── RECORDS SUPPLIED
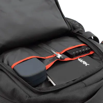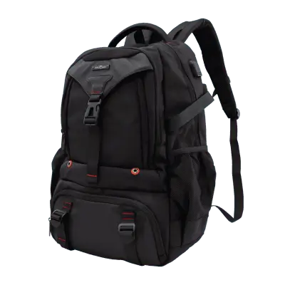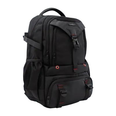 Za prenosnike do: 20.0'' Barva: Črna z rdečimi detajli Število predelkov: 1 x glavni predal, 1x predal na zadnji strani nahrbtnika, 3 x dodatni predelki na sprednji strani + stranski mrežasti žepi Material: HQ najlon + 210D poliester Vodoodporen material: D Mere (mm): 370x510x170 Ostalo: Podložen zadnji del torbe, oblazinjene naramnice za boljši pretok zraka, zaščitni prsni pas
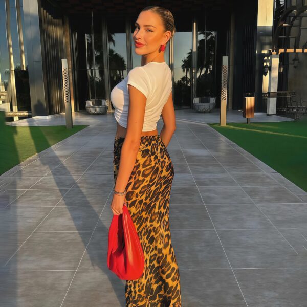 Detta omlottkjol med leopardmönster kombinerar djärvt djurmönster med mångsidig styling, vilket gör den till ett perfekt val för en brun beige svart kjol, stretchig omlottkjol i leopard, eller elegant avslappnad nattklädsel. De justerbara knytbanden ger en skräddarsydd passform och det stretchiga tyget gör att du kan röra dig fritt. Kombinera den med en enfärgad topp eller klackar för en effektfull look.
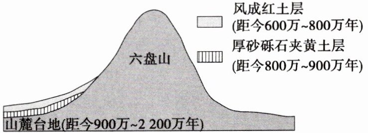 (2025·广东惠州第二次调研)六盘山位于青藏高原东北缘与鄂尔多斯地块的交界处,海拔2 000~2 900米。研究显示,六盘山山麓风成红土堆积对六盘山的形成具有良好的指示意义,且红土层保存较完整。下图为六盘山及其山麓剖面示意图。据此完成1~3题。
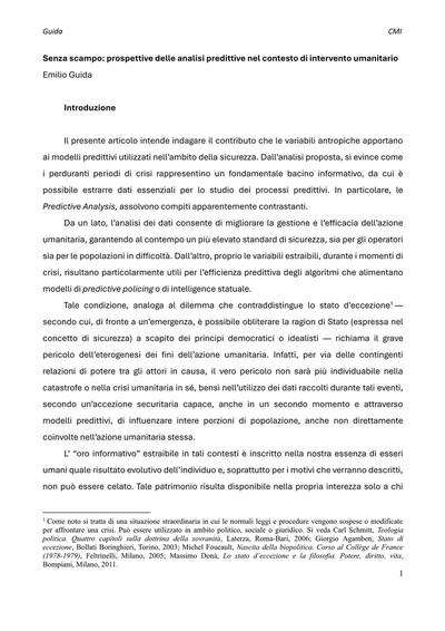 Senza scampo: prospettive delle analisi predittive nel contesto di intervento umanitario
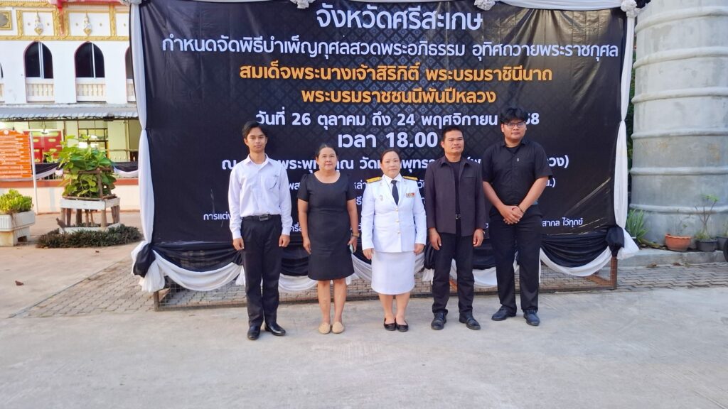 วันที่ 31 ตุลาคม 2568 นายวิโรจน์ ธิมา ผู้อำนวยการวิทยาลัยการอาชีพศรีสะเกษ มอบหมายให้ นางสาววาสนา ยานารมย์ รองผู้อำนวยการฝ่ายวิชาการ พร้อมด้วย คณะครู และบุคลากรทางการศึกษา เข้าร่วมพิธีบำเพ็ญกุศล อุทิศถวายพระราชกุศลแด่ สมเด็จพระนางเจ้าสิริกิติ์ พระบรมราชินีนาถ พระบรมราชชนนีพันปีหลวง โดยมี นายอนุพงศ์ สุขสมนิตย์ ผู้ว่าราชการจังหวัดศรีสะเกษ เป็นประธานในพิธี ณ ศาลาพระพุทธคุณ วัดมหาพุทธาราม พระอารามหลวง
────
When you reach the line containing "Senza scampo: prospettive" in the listing above, reproduce it and every line after it through the last, exactly; omit the pictures.

 Senza scampo: prospettive delle analisi predittive nel contesto di intervento umanitario
 วันที่ 31 ตุลาคม 2568 นายวิโรจน์ ธิมา ผู้อำนวยการวิทยาลัยการอาชีพศรีสะเกษ มอบหมายให้ นางสาววาสนา ยานารมย์ รองผู้อำนวยการฝ่ายวิชาการ พร้อมด้วย คณะครู และบุคลากรทางการศึกษา เข้าร่วมพิธีบำเพ็ญกุศล อุทิศถวายพระราชกุศลแด่ สมเด็จพระนางเจ้าสิริกิติ์ พระบรมราชินีนาถ พระบรมราชชนนีพันปีหลวง โดยมี นายอนุพงศ์ สุขสมนิตย์ ผู้ว่าราชการจังหวัดศรีสะเกษ เป็นประธานในพิธี ณ ศาลาพระพุทธคุณ วัดมหาพุทธาราม พระอารามหลวง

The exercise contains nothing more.